Summary: IN AN ALL-STAR PANEL AT THE WEALTH ARABIA SUMMIT 2016, EXPERTS FROM AROUND THE WORLD GAVE INVESTORS ADVICE ON HOW TO INVEST IN AN UNCERTAIN FUTURE

Make no mistake--these are turbulent times. If any expert is telling you different, or is telling you they know exactly what the future will bring, either they are lying or they have a crystal ball. But even in this uncertain period, that doesn't mean that investors should take all their money and shove it under their mattress. Investors, now more than ever, should be investing, but they need to have a strategy.

For Conor McGorrian, Portfolio Strategist -- Fundamental Equity, State Street Global Advisors, that strategy should be focused on equities, and on finding equities that provide value in the long term. In McGorrian's eyes, that is a matter of what the company is valued at in relation to its actual value. "The key focus for investors here has to be, and it always has to be, about valuation. There's no doubt that there's always uncertainty--in my career I've seen tech boom and bust, I've seen bubbles form and burst; there is always something for investors to worry about. But if you focus on valuation, find good quality businesses that are undervalued by the market, and have the patience and discipline to stick with it, then over the longer term you can generate much better returns for your clients."

In any investor's mind, risk is a main concern. But without diversification, so-called 'safe' investments could prove risky in the long term. "From an investor's point of view, it's about making sure the risk profiling of your portfolio is correct, that you're comfortable with the risks you're taking, and that you have the courage of your convictions. Diversification does not mean buying a second piece of property," said Robin Amlot, Chief Executive Officer, CPI Financial.

"Diversification is something we haven't been able to address in the region," said George Triplow, Executive Director -- Wealth & Asset Management Leader MENA, Ernst & Young. "So when you look at the investor set in the region, how diversified are they actually? We see more and more GCC investors wanting to invest in similar products that they already have. We see expats who take money out of the region. So then, how diversified are the investments in the region?"

But it's not always the investor's fault-- sometimes the economy in which one is investing causes a lack of diversification. "If you're focusing on this particular region, the challenge of this particular region is that the economies themselves are not particularly diversified," said David Staples, Managing Director, Corporate Finance EMEA, Moody's. "Even if you have a diversified portfolio, you have exposure to the macroeconomic impact of commodity-based economies where government investment is a driver for growth. So thus, government policy and the effectiveness of changing government policy during periods of transition becomes extremely important, and challenging issues for people who may be focusing on investing in corporates and financial institutions and have to overlay that with the issue of sovereign macroeconomic investment risk. At least in the GCC you don't have the currency issue to worry about as you do in other countries, but the big challenge is how much access you need to the liquidity in your portfolio. I don't find this to be a region with a lot of liquidity depth and that becomes an issue."

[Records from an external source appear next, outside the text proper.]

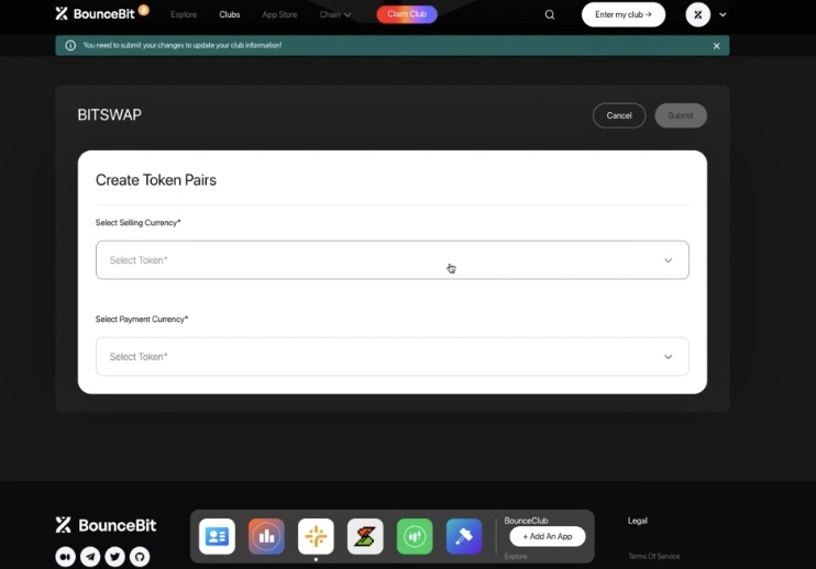 When adding Bitswap to their club, a BounceClub owner can choose which token pairs they wish to support for swapping. Users who interact with Bitswap within a BounceClub can swap any supported tokens and manage liquidity. Each transaction made in the liquidity pool incurs a 3% fee based on the token swap volume.&#x20;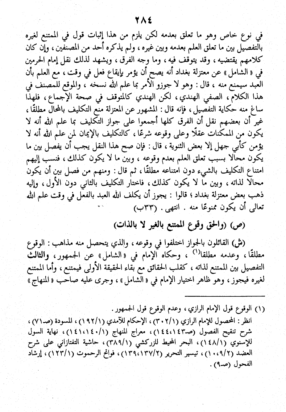 في نوع خاص وهو ما تعلق بعدمه لكن يلزم من هذا إثبات قول في الممتنع لغيره بالتفصيل بينَ ما تعلق العلم بعدمه وبين غيره، ولم يذكره أحد من المصنفين، وإن كانَ كلامهم يقتضيه، وقد يتوقف فيه، وما وجه الفرق، ويشهد لذلك نقل إمام الحرمين في (الشامل) عن معتزلة بغداد أنه يصح أن يؤمر بإيقاع فعل في وقت، معَ العلم بأن العبد سيمنع منه، قالَ: وهو لا جوزو الأمر بما علم الله نسخه، والموقع للمصنف في هذا الكلام، الصفي الهندي، لكن الهندي كالمتوقف في صحة الإجماع، فلهذا ساغ منه حكاية التفصيل فإنَّه قالَ: المشهور عن المعتزلة منع التكليف بالمحال مطلقاً، غير أن بعضهم نقل أن الفرق كلها أجمعوا على جواز التكليف بما علم الله أنه لا يكون من الممكنات عقلاً وعلى وقوعه شرعاً، كالتكليف بالإيمان لمن علم الله أنه لا يؤمن كأبي جهل إلا بعض الثنوية، قالَ: فإنَّ صح هذا النقل يجب أن يفصل بينَ ما يكون محالاً بسبب تعلق العلم بعدم وقوعه، وبين ما لا يكون كذلك، فنسب إليهم امتناع التكليف بالشيء دون امتناعه مطلقاً، ثمَّ قالَ: ومنهم من فصل بينَ أن يكون محالاً لذاته، وبين ما لا يكون كذلك فاختار التكليف بالثاني دون الأول، وإليه ذهب بعض معتزلة بغداد، قالُوا: يَجُوز أن يكلف الله العبد بالفعل في وقت علم الله تعالى أن يكون ممنوعاً منه. انتهى (٣٣ ب).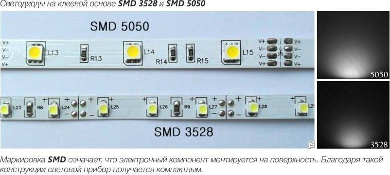 Чаще всего монтаж светодиодной подсветки выполняется из SMD-светодиодов. Они классифицируются по ряду признаков:
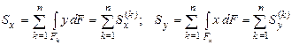 - статические моменты k -той области относительно осей x и y. Следовательно, статический момент составного сечения равен сумме статических моментов составляющих областей.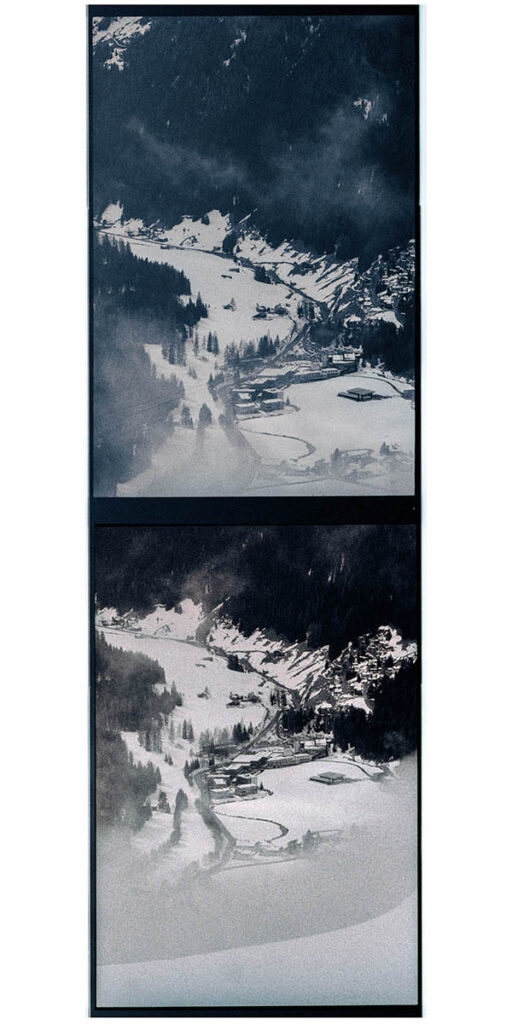 Early March 2026 I visited ‘Berghof Der Alpschatz’, the venue where Thomas Mann situated his novel Der Zauberberg/The Magic Mountain. In three days I had deep dive in the interior of the Der Alpschatsz and the surrounding landscapes. I transferred my impressions in several digital and analogue diptychs.

But not everyone believes diversification is the only path forward for investors. "I think diversification isn't working right now because the world we were living in for the last couple of years, where central banks pushed investors to look at equities for yields and fixed income for capital appreciation, has become very challenging," said Hussein Sayed, Chief Market Strategist, FXTM. "Even the correlation in the markets now, we can see that yields are moving in a different way than they have traditionally moved. I think we have to look away from traditional investing and look at alternatives for the time being. Hedge funds are worth looking at."

The riskiest path may be the one that appears to be the safest--investing only in the market they are most familiar with "For a lot of investors, the temptation is to focus on the home market, the areas investors know best. But I think that's very risky. Income funds look extremely expensive, but I think there are parts of the equity market that offer reasonable prospects for the future, including the industrial and financial sector. They are optically very risky, but valuations are very cheap at the moment, and that gives the investor a margin of safety when they look at those areas," said McGorrian.

But though investing can often be in the public good, if you invest your emotions as well as your capital, things could get messy. "You have to strip the emotion from it," said McGorrian. "Investing is a tough business, and if you are going to get emotionally involved with businesses it's going to make it very hard to make rational decisions about them. It's about fundamental analysis-- understanding the businesses you're investing in, why you think they're cheap today, what you see differently from other investors in the market. You then need to be very rational and disciplined about when your exit point is going to be from that investment as well."

But while analysis is important, it is not always possible. "One of the challenges that face international investors looking into in the GCC region, as opposed to investors that are already here, is access to sufficient information to take a fundamental analysis," says Staples. "Sometimes investors here have better access to information that can assist them to make decisions about investment more than international investors have."

Things are getting better, however. "We can see a transformation in governance happening, and I hope that it will be a fast process," said Sayed.

"The markets here are evolving quite quickly in terms of transparency, governance, and the instruments that are available," said Amlot. "It is inevitable that there will be teething problems, mistakes, and wrong doing, as life is like that and these things happen, but the one thing that needs to happen is increasing the depth of the markets, as they are still very small still. If you look at the bonds available here, they are either government or government- related entities, unlike in the European markets or the US."

Even as things change, they don't always change for the better. Change creates uncertainty, and the investment landscape has changed a lot since the last generation of investors built the economies of the GCC into what they are today. "We're in a different world from the investors who came up in the previous generation, a different environment," said Triplow. "Why do markets continue to go up? It's fundamentally about valuations, and sector focus. People have been let down constantly by markets as there's too much volatility. It's very difficult to let clients understand long buy and hold--they want to sell out as soon as there's a blip in the market. Investors want something they can hold in their hand."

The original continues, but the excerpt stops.